(Stored dataset items)
--- START ---
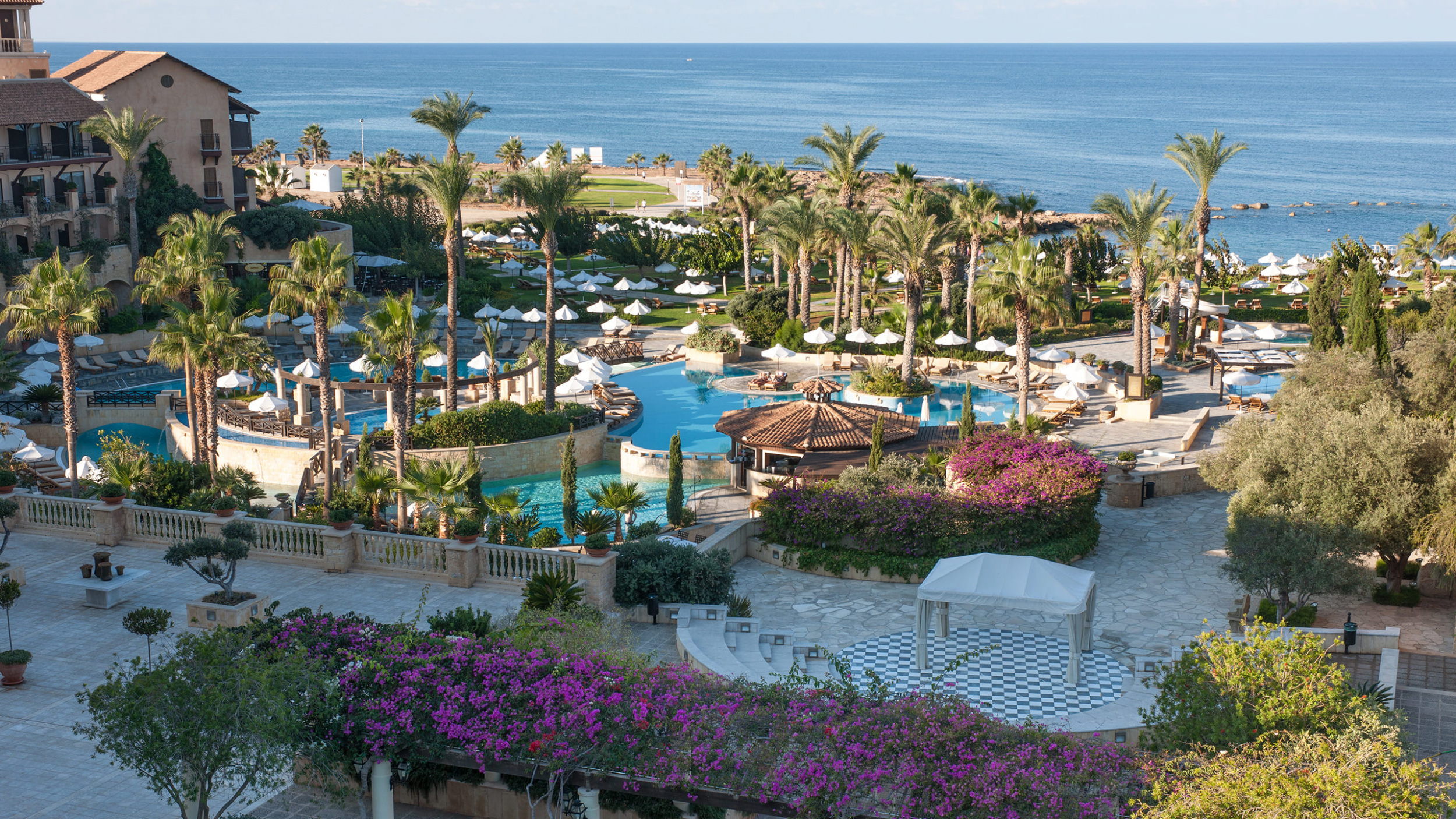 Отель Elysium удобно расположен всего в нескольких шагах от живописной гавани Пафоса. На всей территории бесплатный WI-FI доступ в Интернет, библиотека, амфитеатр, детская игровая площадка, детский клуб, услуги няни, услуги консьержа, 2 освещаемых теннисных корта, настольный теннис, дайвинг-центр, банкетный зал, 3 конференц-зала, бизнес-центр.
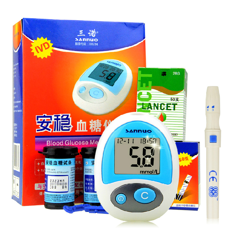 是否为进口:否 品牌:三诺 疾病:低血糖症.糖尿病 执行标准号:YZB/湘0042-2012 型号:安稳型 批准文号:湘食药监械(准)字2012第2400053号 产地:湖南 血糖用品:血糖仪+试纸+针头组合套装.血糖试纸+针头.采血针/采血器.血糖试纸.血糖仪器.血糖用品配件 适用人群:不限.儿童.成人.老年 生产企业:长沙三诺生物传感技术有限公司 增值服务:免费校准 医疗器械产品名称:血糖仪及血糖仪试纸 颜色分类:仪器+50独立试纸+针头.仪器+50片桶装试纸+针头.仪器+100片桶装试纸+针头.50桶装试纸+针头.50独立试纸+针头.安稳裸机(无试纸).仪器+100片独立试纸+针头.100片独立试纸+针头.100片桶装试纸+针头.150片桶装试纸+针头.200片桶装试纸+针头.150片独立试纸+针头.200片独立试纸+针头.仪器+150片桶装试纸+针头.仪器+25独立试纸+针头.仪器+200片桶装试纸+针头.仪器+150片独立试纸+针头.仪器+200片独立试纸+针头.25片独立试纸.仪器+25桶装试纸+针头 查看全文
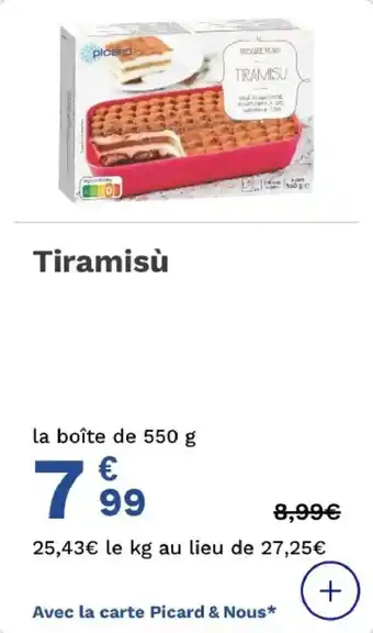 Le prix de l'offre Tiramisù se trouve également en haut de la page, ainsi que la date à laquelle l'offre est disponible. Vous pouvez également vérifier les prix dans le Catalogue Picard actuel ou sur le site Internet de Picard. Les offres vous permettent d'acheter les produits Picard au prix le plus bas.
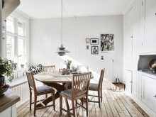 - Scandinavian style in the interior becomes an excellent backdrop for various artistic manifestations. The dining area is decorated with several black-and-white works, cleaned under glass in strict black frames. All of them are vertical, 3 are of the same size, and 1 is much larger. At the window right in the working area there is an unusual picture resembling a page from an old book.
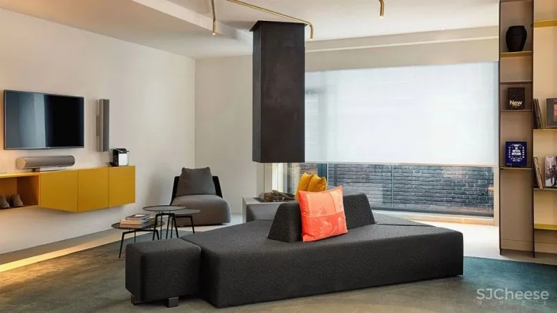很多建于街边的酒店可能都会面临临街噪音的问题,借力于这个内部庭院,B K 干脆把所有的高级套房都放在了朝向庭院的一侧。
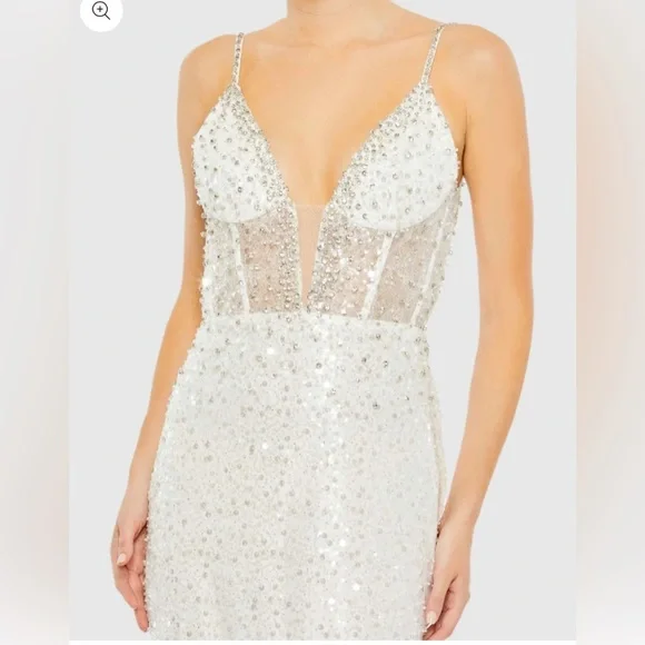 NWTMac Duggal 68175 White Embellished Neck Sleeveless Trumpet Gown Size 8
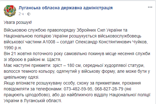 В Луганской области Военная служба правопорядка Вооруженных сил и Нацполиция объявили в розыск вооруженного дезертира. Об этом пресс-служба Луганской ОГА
--- END ---
*WORK REQUIRED*: Beginning with the line where "- Scandinavian style" appears, transcribe the records above word for word through their last line, and include no pictures.

*EXERCISE RESPONSE*:
 - Scandinavian style in the interior becomes an excellent backdrop for various artistic manifestations. The dining area is decorated with several black-and-white works, cleaned under glass in strict black frames. All of them are vertical, 3 are of the same size, and 1 is much larger. At the window right in the working area there is an unusual picture resembling a page from an old book.
很多建于街边的酒店可能都会面临临街噪音的问题,借力于这个内部庭院,B K 干脆把所有的高级套房都放在了朝向庭院的一侧。
 NWTMac Duggal 68175 White Embellished Neck Sleeveless Trumpet Gown Size 8
 В Луганской области Военная служба правопорядка Вооруженных сил и Нацполиция объявили в розыск вооруженного дезертира. Об этом пресс-служба Луганской ОГА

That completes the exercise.